Beberapa contoh tersebut memperlihatkan bagaimana proses pergeseran paradigm atau


revolusi sains itu terjadi. Hal ini tidak bisa dielakkan dalam wacana ilmu pengetahuan. Teori
yang mampu memberikan solusi terbaik dalam melihat setiap keganjalan akan menjadi teori
yang diunggulkan.

Kesimpulan

Revolusi sains yang digagas oleh Thomas Kuhn lebih menekankan pada proses tranformasi
paradigma yang lama menuju paradigma yang baru yang lebih mendatangkan sebuah
alternatif. Proses-proses yang ia gambarkan dalam perkembangan sains merupakan siklus
bagaimana sains normal ternyata mendominasi dari seluruh persoalan sains hingga saat ini,
dan paradigma di sini dimainkan oleh kalangan ilmuan yang mendominasi paradigma.
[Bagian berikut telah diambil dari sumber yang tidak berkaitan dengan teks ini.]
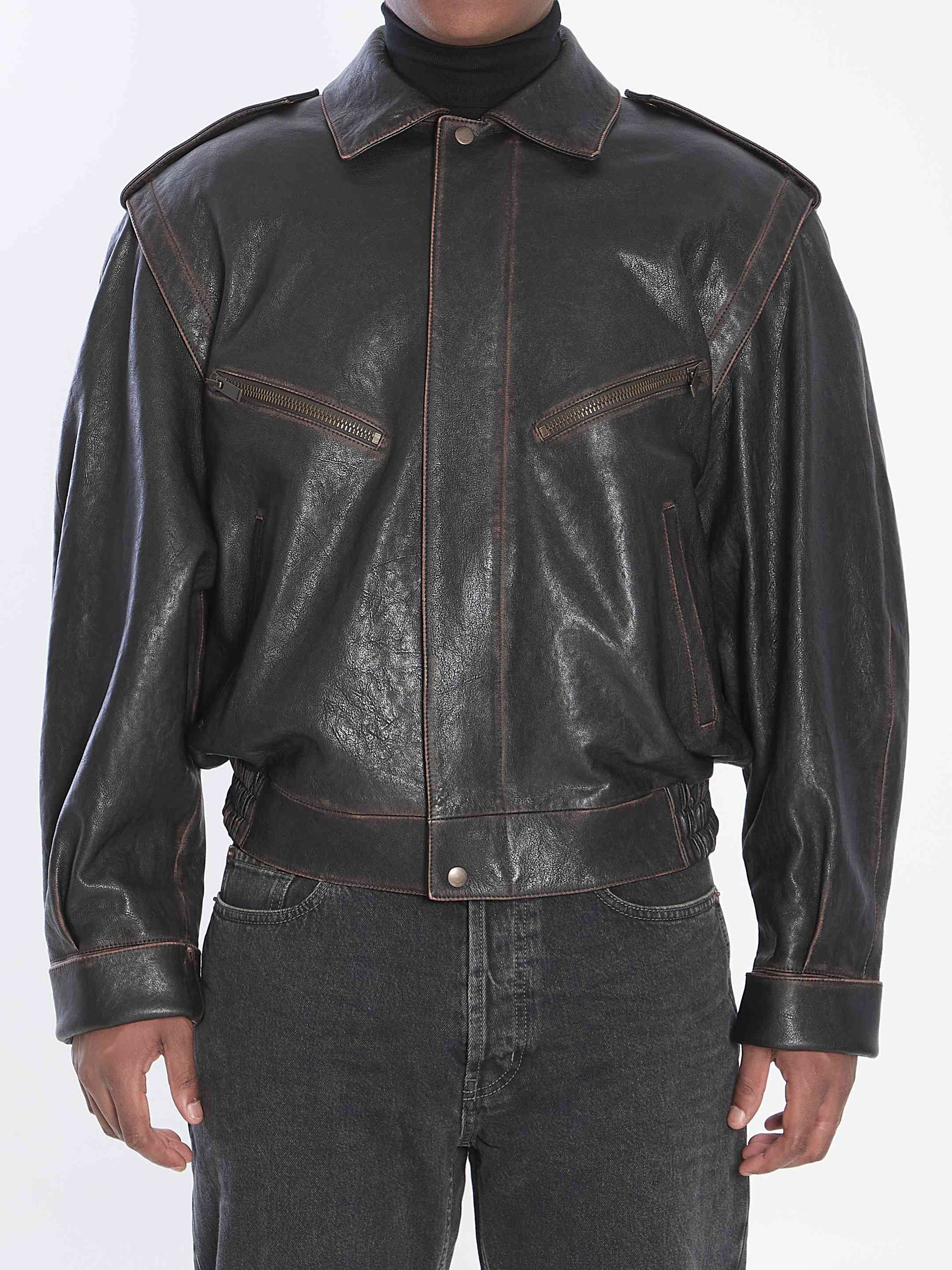 Bomber jacket in finely grained lambskin leather in brown with contrasting finishes. Features a pointed collar, buttoned epaulettes, concealed front zip closure with snap buttons, elasticated hem, two slanted zip pockets and two welt pockets on the front. Slightly oversized fit.

Seperti
ia sampaikan dalam pembahasan di atas, bahwa umumnya para ilmuan tidak peduli dengan
paradigma lain yang berkembang, yang diutamakan adalah bagaimana teori-teori dan konsep
mampu diterapkan, jika ditemukan keganjalan mereka cenderung sulit menemukan
pemecahan. Makanya disini perlunya sebuah solusi untuk menyelesaikannya dengan
menerapkan revolusi sains.

Apa yang digagas oleh Thomas Kuhn memang secara konsep lebih menjanjikan, namun
penyelesaiannya tetap masih terlihat adanya kesamaan dengan pola positivistik, dia
menafikan kebenaran atau kepastian tertinggi di dalam semesta ini. Usaha epistemologis
manusia dianggap tidak memiliki tujuan akhir dan tidak mungkin diraih secara objektif.
Namun, gagasan dari Kuhn mendapat tempat yang baik dalam pengembangan seluruh
disiplin ilmu pengetahuan kotemporer terutama dalam ilmu social-humaniora.